Suzanna Stanik (born 27 September 1954) is a former Judge of the Constitutional Court of Ukraine.

Education 
Stanik graduated from the Law Faculty of Lviv Ivan Franko State University with a Diploma cum laude in 1977. A decade later, she became a court participant at the Odesa Institute of Political Sciences and Sociology between 1988 and 1990.

Career 
In 1978, Stanik began to work, starting with a position in the executive bodies in Lviv and the Secretariat of the Cabinet of Ministers of Ukraine. In 1996, Stanik became a Minister of the Family and Youth Affairs of Ukraine. In 1997 she became the Minister of Justice. During this time, she also became a member of the Council of National Security and Defense.
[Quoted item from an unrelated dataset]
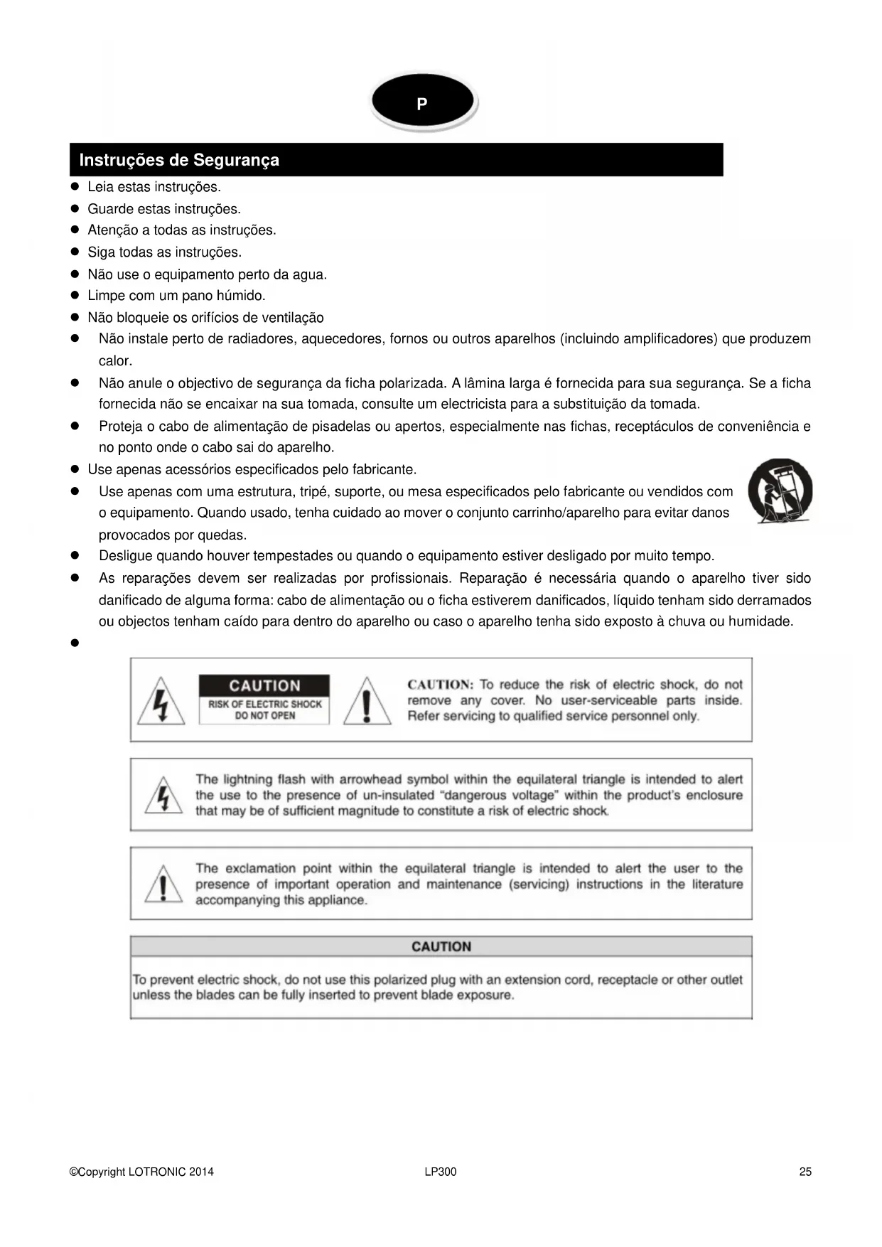 Instruções de Segurança P©Copyright LOTRONIC 2014 LP300 26
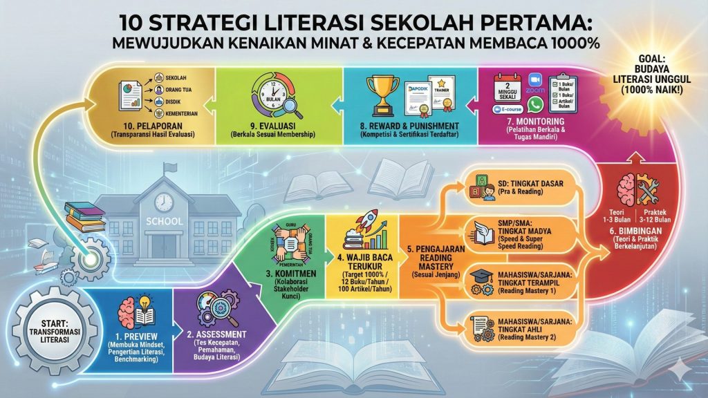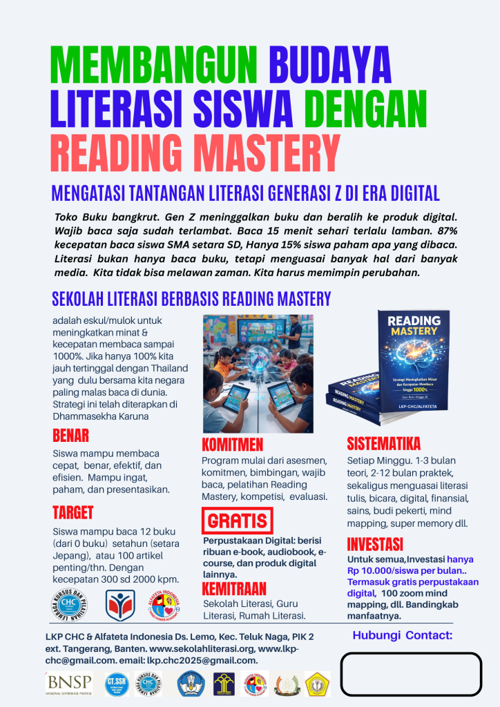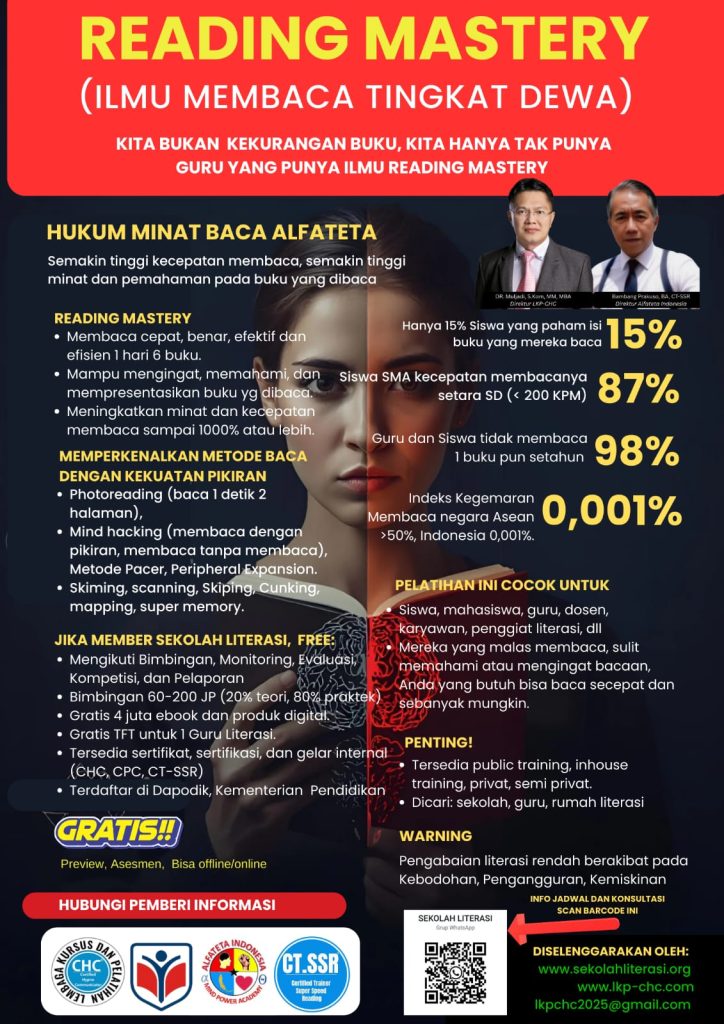 Literasi Membaca — Melalui metode SSRA (Super Speed Reading Alfateta) yang telah terbukti meningkatkan kecepatan membaca hingga 1000% tanpa kehilangan pemahaman.

Between 1997 through 2004, she was the permanent representative of Ukraine to the UNICEF (United Nations Children's Fund). 

In October 1998, Stanik was awarded an honorary title "People's Ambassador of Ukraine." That decision was made by the Board of the Ukrainian Charity Foundation. Since then, she was the permanent Representative of Ukraine at the Council of Europe, and was then awarded rank of Ambassador extraordinary and Plenipotentiary by the President of Ukraine. 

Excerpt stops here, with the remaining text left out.